Publiziert am 17.01.2018

Die neue Strategie eHealth Schweiz ist da. Bund und Kantone haben in einem Entwurf, welcher sich bis zum 10. Dezember 2017 in Anhörung befand [1], die «Strategie eHealth Schweiz» aus dem Jahr 2007 fortgeführt. Die Strategie umfasst drei Handlungsfelder mit 27 Zielen, die in Phasen im Zeitraum von 2018 bis 2022 umgesetzt werden sollen. Mit den festgelegten Handlungs­feldern sollen die Digitalisierung gefördert, koordiniert und sowohl Gesundheitsfachpersonen als auch Patientinnen und Patienten zur Digitalisierung befähigt werden [2].

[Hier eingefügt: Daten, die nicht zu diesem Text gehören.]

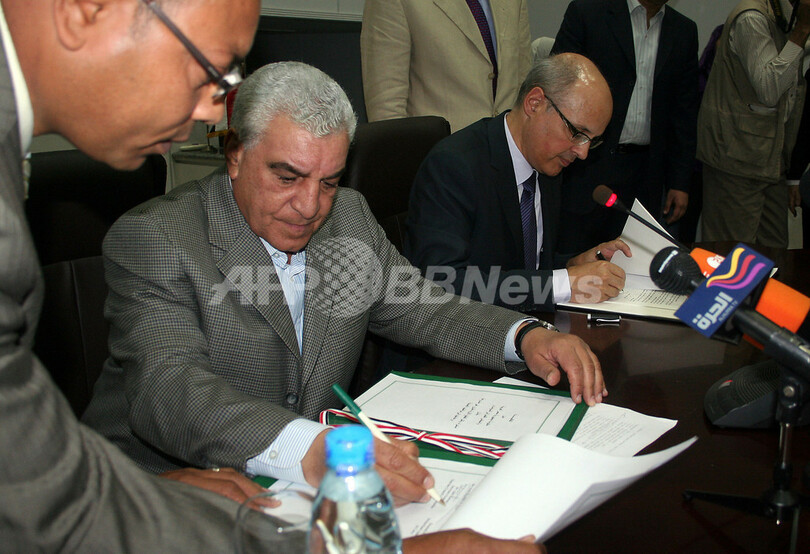 エジプト・カイロ(Cairo)で行われた、国外に持ち出された文化財の返還に合意したスイスとの調印式典の席で返還された足指は、今後、カイロにあるエジプト考古学博物館(Egyptian Museum)に展示されるという。(c)AFP

Die Digitalisierung als Treiber eines tiefergreifenden Strukturwandels hat Auswirkungen auf fast alle gesellschaftlichen und wirtschaftlichen Bereiche. Mit Digitalisierung wird oftmals eine Technologisierung, die Adaption von neuen Informationstechnologien verstanden, welche zunehmend analoge Hilfsmittel verdrängen. Dieser Prozess hat in den letzten Jahrzehnten durch die Verfügbarkeit leistungsfähiger Rechensysteme und einer moderaten Kostenentwicklung rasant Fahrt aufgenommen. Intel-Gründer Gordon Moore prophezeite 1965, dass sich die Anzahl der integrierten Schaltkreise auf Computerchips alle 12 Monate verdoppeln werden, und in einem Erratum korrigierte Moore 10 Jahre später die exponentielle Zunahme auf 24 Monate [3]. Diese Aussage hat mehrere Jahrzehnte die Entwicklung von leistungsfähigen Computern im Sinne einer selbst­erfüllenden Prophezeiung beherrscht. Heute gilt sie jedoch nicht mehr, und ein Grund waren die Entwicklung von Cloud-Computing (siehe [4]) und die Vernetzung von Smart-Devices, hochspezialisierter Geräte, ausgestattet mit Sensoren, welche autonom oder interaktiv in einer vernetzten Umgebung agieren [5]. Beispielhaft für diese Veränderung im Gesundheitswesen steht die Entwicklung der Anwendung «Streams» im Royal Free, London. «Streams» ist ein vollständig digitaler klinischer Behandlungspfad für die Erkennung eines akuten Nierenversagens, basierend auf vernetzten, mobilen Technologien [6].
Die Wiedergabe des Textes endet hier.